## Information provided
++++++++
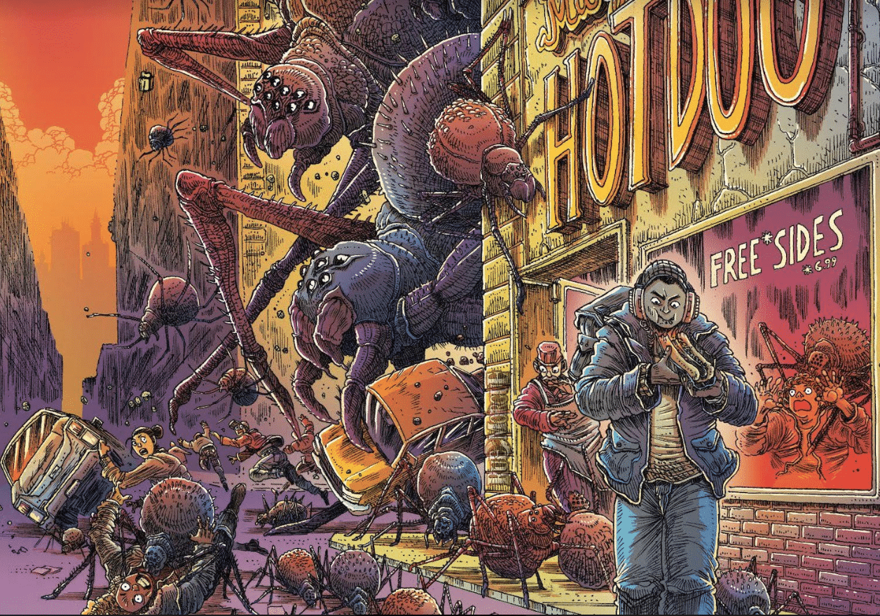 โIโve been obsessed with giant-animal horror stories ever since seeing Them! and Gila! as a kid. All Eight Eyes is both an ode to the thrills of watching oversized predators chow down on humans and a reckoning with how much NYC has changedโnot always for goodโsince the turn of the century, drawing on my own time in the East Village and Alphabet City. Iโm so thrilled to be making this arachnid gross-out alongside Piotr, Brad, and Hass. The detail Piotr brings to not just the creepy-crawly aspects of the book, but to every chipped brick and sticky sidewalk of NYC, is unmatched, and Brad and Hass match his skill page for page.โ
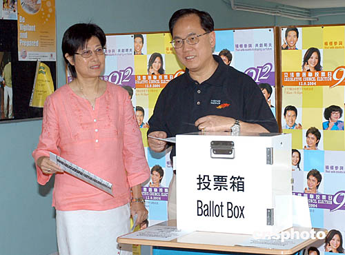 特區(qū)行政長官董建華、政務(wù)司司長曾蔭權(quán)、政制事務(wù)局局長林瑞麟、民政事務(wù)局局長何志平等政府高官今日一早紛紛到所屬選區(qū)投下莊嚴(yán)一票,以身作則一盡公民責(zé)任。
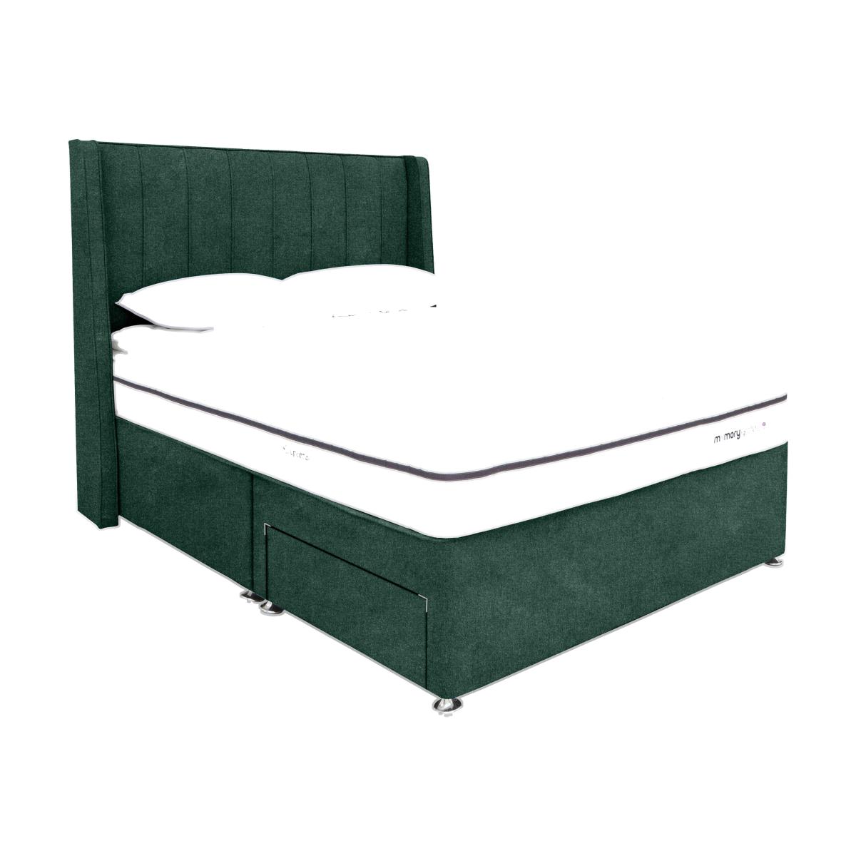 If you sleep better on cushioning, cocooning memory foam but worry about getting too hot at night, a bed or mattress from our Sleepeezee Memory Sense collection is going to be perfect for you. These pocket spring mattresses feature a unique type of ultra-comfortable memory foam infused with graphite that helps disperse body heat. Mattress covers are made with Oxysnse, a material that’s designed to increase your body’s oxygen levels to reduce muscle fatigue, help prevent the risk of sleep apnea and facilitate deeper sleep. Choose a medium or ortho firm feel mattress and pair it with a divan base with optional storage space. The Sleepeezee Memory Sense is exclusive to Furniture Village. This Sleepeezee divan set ticks all the boxes. Beautifully upholstered with optional storage, it comes complete with a superb pocket spring and memory foam mattress with cooling comfort built in. Why you'll love it Revitalising sleep is yours with this Memory Sense 2800 divan set. Mattress has individually pocketed springs for superb, body-responsive medium-feel support. Layer of graphite-infused memory foam takes heat away from the body. Moulds to the shape of your body for excellent pressure relief. Helps distribute weight more evenly for better circulation. With an Oxysense cover which increases the body’s oxygen levels. Reduces muscle fatigue, helps prevent the risk of sleep apnea and facilitates deep sleep. Encapsulated edge-to-edge support helps prevent roll off. No turning required. With handles to make rotating easier. Hypoallergenic. Beautiful upholstered base with optional storage drawers. Wide choice of fabrics. Made by hand in the UK and only at Furniture Village. This divan set is part of our Sleepeezee Memory Sense 2800 range. What you need to know Mattress type: Pocket spring. Depth: 30 cm. Weight:Single 28 kg, small double 35 kg, double 41 kg, king 45 kg and super king 54 kg. Firmness: Medium. Springs: 2,800 in king size. Pillow top: No. Fillings: Polyester-encapsulated border, graphite memory foam. Cover: Oxysense fabric. Requires turning: No. Base type: Platform top with optional storage drawers. Sizes:Single, small double, double, king and super king. Mattress care:Air for 4 hours before using to remove any odour. Indentations caused by settlement of fillings or body weight are normal and are not considered defects. If used on a slatted bed frame, the space between slats must be no wider than 7.5 cm. Spaces wider than this may cause excess dipping of the mattress and invalidate the guarantee. Always use a mattress protector. Rotate regularly. Divan base care: Clean upholstery weekly using a soft brush or vacuum with the curtain attachment. Professional cleaning advised for oil- and grease-based stains. Some fabrics can show wear on areas of more use or in direct sunlight.
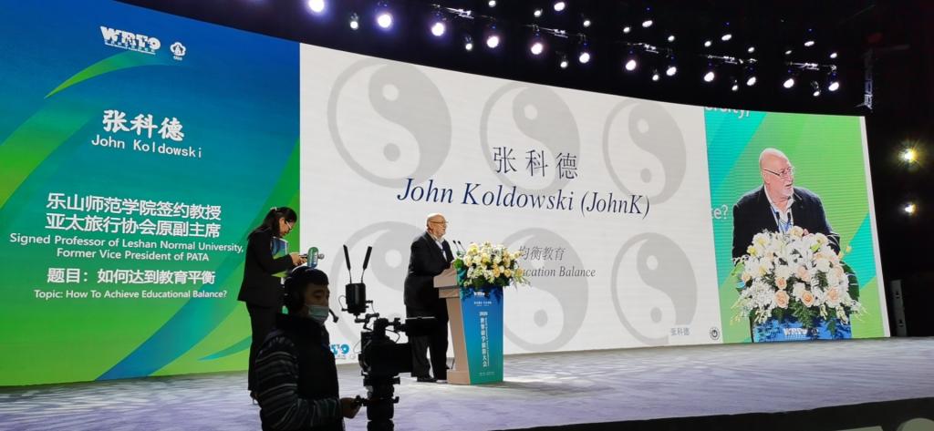 10月20日上午, 由世界研学旅游组织主办的“读万卷书,行万里路”2020世界研学旅游大会在乐山大佛剧院开幕,来自全球三大洲、13个国家和地区、中国23个省市专家学者、政府部门、行业协会、研学基地、教育机构、研学旅游服务商、旅行社等300多人参会,大家共谋世界研学旅游发展的新格局。旅游学院院长郭剑英教授带领学院武克军、孙永兴、朱林富等教师应邀参加了开幕式。
++++++++
## Work item
Without the pictures, write out the listing exactly as it appears above.

## Answer to the problem
 โIโve been obsessed with giant-animal horror stories ever since seeing Them! and Gila! as a kid. All Eight Eyes is both an ode to the thrills of watching oversized predators chow down on humans and a reckoning with how much NYC has changedโnot always for goodโsince the turn of the century, drawing on my own time in the East Village and Alphabet City. Iโm so thrilled to be making this arachnid gross-out alongside Piotr, Brad, and Hass. The detail Piotr brings to not just the creepy-crawly aspects of the book, but to every chipped brick and sticky sidewalk of NYC, is unmatched, and Brad and Hass match his skill page for page.โ
 特區(qū)行政長官董建華、政務(wù)司司長曾蔭權(quán)、政制事務(wù)局局長林瑞麟、民政事務(wù)局局長何志平等政府高官今日一早紛紛到所屬選區(qū)投下莊嚴(yán)一票,以身作則一盡公民責(zé)任。
 If you sleep better on cushioning, cocooning memory foam but worry about getting too hot at night, a bed or mattress from our Sleepeezee Memory Sense collection is going to be perfect for you. These pocket spring mattresses feature a unique type of ultra-comfortable memory foam infused with graphite that helps disperse body heat. Mattress covers are made with Oxysnse, a material that’s designed to increase your body’s oxygen levels to reduce muscle fatigue, help prevent the risk of sleep apnea and facilitate deeper sleep. Choose a medium or ortho firm feel mattress and pair it with a divan base with optional storage space. The Sleepeezee Memory Sense is exclusive to Furniture Village. This Sleepeezee divan set ticks all the boxes. Beautifully upholstered with optional storage, it comes complete with a superb pocket spring and memory foam mattress with cooling comfort built in. Why you'll love it Revitalising sleep is yours with this Memory Sense 2800 divan set. Mattress has individually pocketed springs for superb, body-responsive medium-feel support. Layer of graphite-infused memory foam takes heat away from the body. Moulds to the shape of your body for excellent pressure relief. Helps distribute weight more evenly for better circulation. With an Oxysense cover which increases the body’s oxygen levels. Reduces muscle fatigue, helps prevent the risk of sleep apnea and facilitates deep sleep. Encapsulated edge-to-edge support helps prevent roll off. No turning required. With handles to make rotating easier. Hypoallergenic. Beautiful upholstered base with optional storage drawers. Wide choice of fabrics. Made by hand in the UK and only at Furniture Village. This divan set is part of our Sleepeezee Memory Sense 2800 range. What you need to know Mattress type: Pocket spring. Depth: 30 cm. Weight:Single 28 kg, small double 35 kg, double 41 kg, king 45 kg and super king 54 kg. Firmness: Medium. Springs: 2,800 in king size. Pillow top: No. Fillings: Polyester-encapsulated border, graphite memory foam. Cover: Oxysense fabric. Requires turning: No. Base type: Platform top with optional storage drawers. Sizes:Single, small double, double, king and super king. Mattress care:Air for 4 hours before using to remove any odour. Indentations caused by settlement of fillings or body weight are normal and are not considered defects. If used on a slatted bed frame, the space between slats must be no wider than 7.5 cm. Spaces wider than this may cause excess dipping of the mattress and invalidate the guarantee. Always use a mattress protector. Rotate regularly. Divan base care: Clean upholstery weekly using a soft brush or vacuum with the curtain attachment. Professional cleaning advised for oil- and grease-based stains. Some fabrics can show wear on areas of more use or in direct sunlight.
 10月20日上午, 由世界研学旅游组织主办的“读万卷书,行万里路”2020世界研学旅游大会在乐山大佛剧院开幕,来自全球三大洲、13个国家和地区、中国23个省市专家学者、政府部门、行业协会、研学基地、教育机构、研学旅游服务商、旅行社等300多人参会,大家共谋世界研学旅游发展的新格局。旅游学院院长郭剑英教授带领学院武克军、孙永兴、朱林富等教师应邀参加了开幕式。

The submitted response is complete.